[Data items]
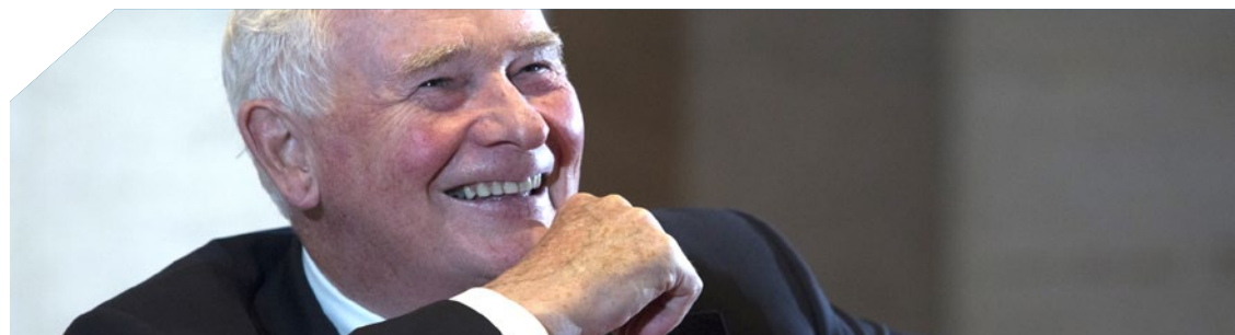
His Excellency David Johnston, Governor General of Canada, addresses the GYA members and distinguished conference participants.

An animated discussion followed the address, with His Excellency returning, in spirit and manner, to his previous professorial role after giving the floor to GYA members to ask questions. Two main themes emerged from this discourse. The first was on the crucial role that international experience serves in research and education for adding value to one's country at the national level. The second theme centred fittingly on the
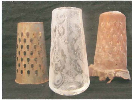
Untitled , 2004. Sandblasted glass, latex, metal.

Though Duchamp painted the panels of Large Glass the ability for the viewer to see through the work and incorporate the details of the surroundings in the image is an integral aspect of the work. This concept is important to my glasswork also. Duchamp's use of such a material in this manner could be attributed to his reaction to the 'physical' side of painting. By using glass the traditionally private, pictorial space of the painting was denied.
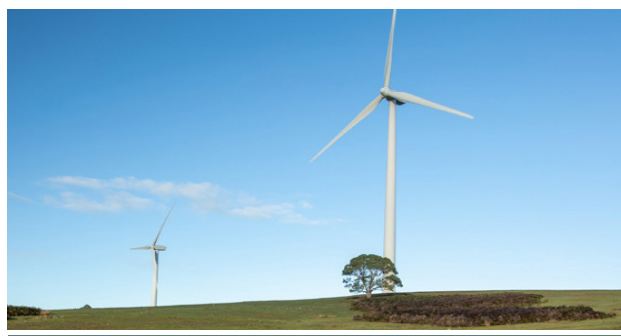
Gunning Wind Farm
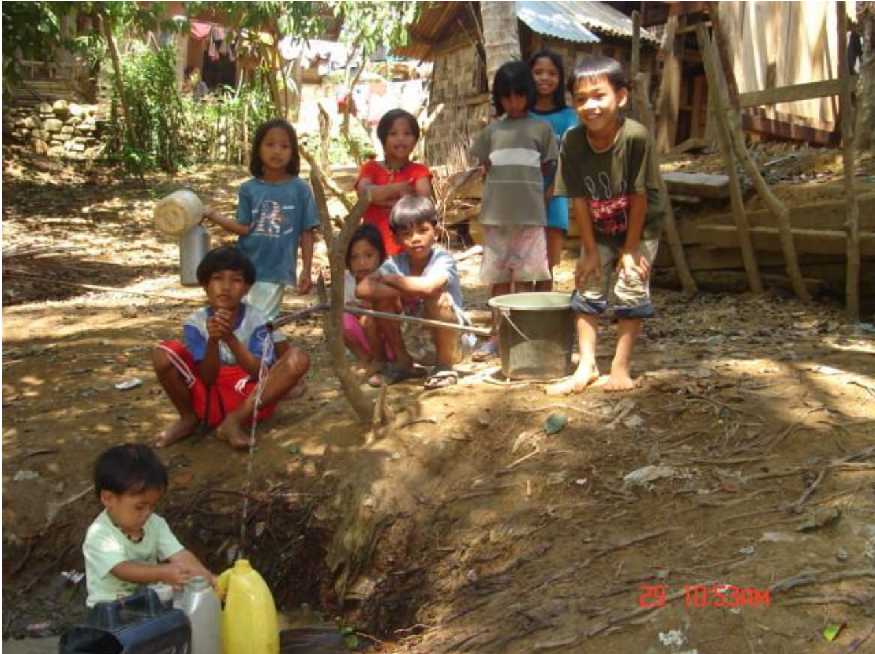
Children collecting water in Kalinga Province

Progress to date has included the development of draft manuals which will be refined over time, dissemination of information about the Project in order that any villages interested in participating know how to become involved, and some initial training.
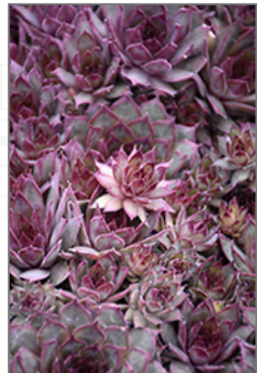
Red Beauty Hens And Chicks foliage
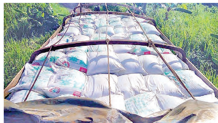
Ammonium nitrate bags seized being seen. PHOTO: 067

Police are still investigating the case in an effort to arrest the owners of the illegal bags of ammonium nitrate, who fled the scene.—067
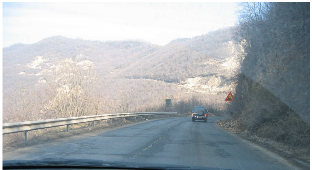
Figure 2.10 Road between Gabrica and Den Jankovic.

The pavement condition indicates a need for an overlay and new wearing course on almost half of the roads.
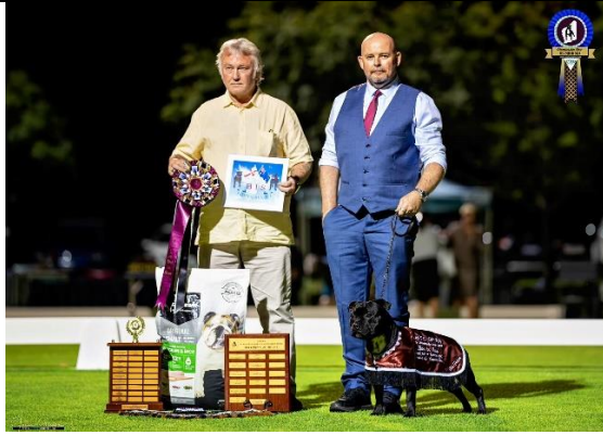
Dog Challenge STAFFEGAN BULLSEYE

[Your instructions] Look through the lines above and collect those with the word "that".

[Response below]
An animated discussion followed the address, with His Excellency returning, in spirit and manner, to his previous professorial role after giving the floor to GYA members to ask questions. Two main themes emerged from this discourse. The first was on the crucial role that international experience serves in research and education for adding value to one's country at the national level. The second theme centred fittingly on the
Progress to date has included the development of draft manuals which will be refined over time, dissemination of information about the Project in order that any villages interested in participating know how to become involved, and some initial training.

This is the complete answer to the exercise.